Stobie pole

A Stobie pole is a power line pole made of two steel joists held apart by a slab of concrete in the middle. It was invented by Adelaide Electricity Supply Company design engineer, James Cyril Stobie (1895-1953). He used the materials easily at hand due to the shortage of timber caused by the arid and treeless nature of much of South Australia. His invention of two spare pieces of railway track bolted together with cement in the middle was patented in 1924.

The first poles were erected in South Terrace, Adelaide in 1924, and were then used extensively in building the electricity transmission and distribution infrastructure throughout the state. The poles carry voltages from 415 to 275,000 volts and come in various sizes from 9 to 35 metres in length. The expected service life of a Stobie pole is predicted to be in excess of 80 years. It is now commonly regarded as a South Australian icon. ETSA Utilities manufactures Stobie poles at a plant in Angle Park, South Australia.
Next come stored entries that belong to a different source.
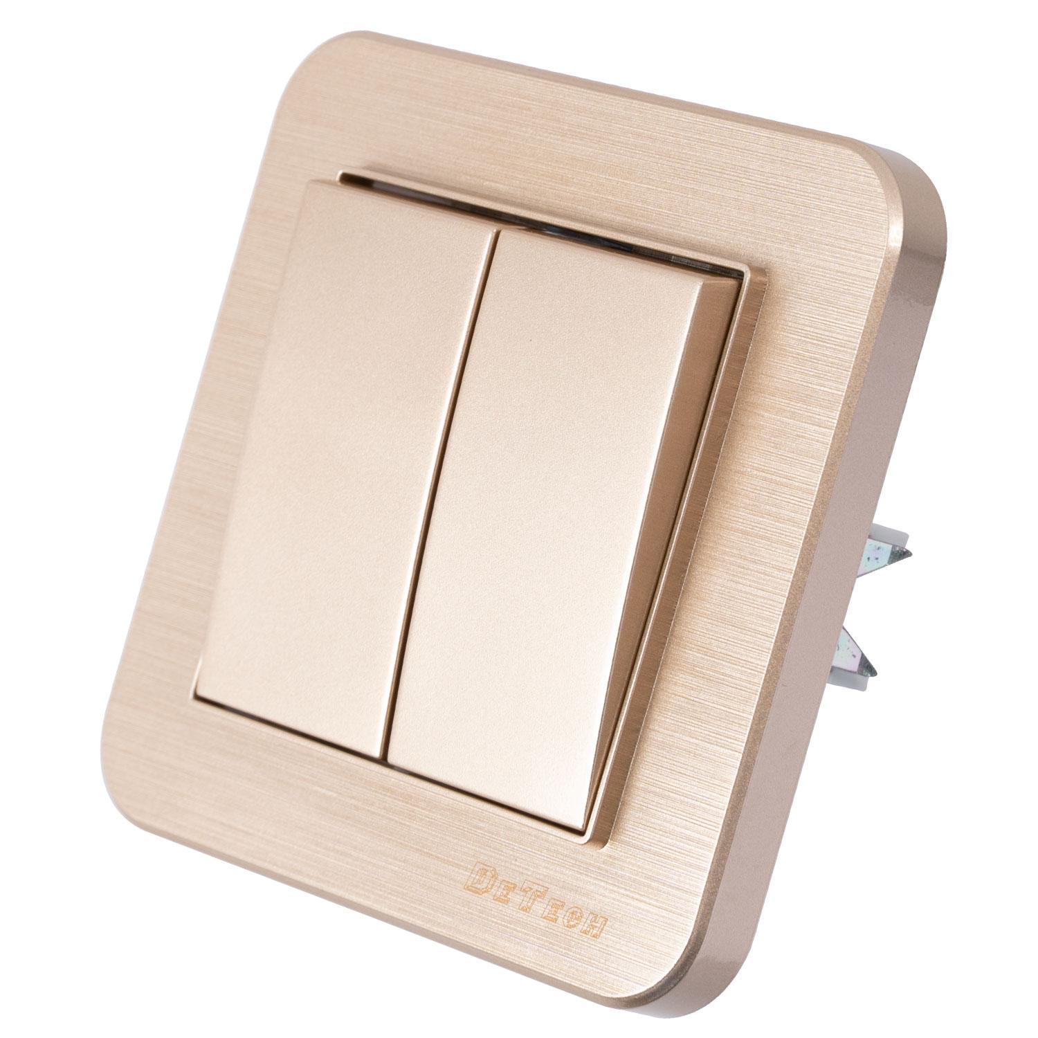 Двоен ключ за осветление DeTech DE-9223-02 (схема 5) с класически квадратен дизайн и декоративна рамка, в златист цвят.
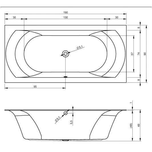 Акриловая ванна RIHO Linares 190x90 изготовлена из высококачественного листа акрила белого цвета, полностью армирована.
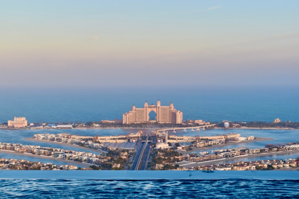 The next morning, I had an exciting adventure planned: I wanted to watch the sunrise from the Aura Skypool, which is the world’s tallest rooftop swimming pool, overlooking Palm Jumeirah Island in Dubai. Watching the sunrise from there was amazing. The gentle morning sun made the city’s skyline look beautiful, with shades of orange and pink painting the sky. It was so peaceful and calm, and it made me feel amazed and happy.

Its modern construction is a composite of two steel beams connected intermittently by bolts to manage compressive buckling, with the gap between the beams filled with concrete. The bolts transfer the shear, with an equal number of bolts above and below ground. The poles are tapered from ground level to the top and the toe. This construction utilises the tensile properties of the steel, giving the poles excellent properties in bending. The poles are fireproof, rotproof, and termiteproof.

Some have described them as 'hideous', with attempts to beautify their appearance through Stobie pole gardens and Stobie pole art projects. Renowned artist Clifton Pugh painted Adam and Eve in the Garden of Eden on a Stobie pole in 1984, but was asked to "cover up" the genitals on his painting.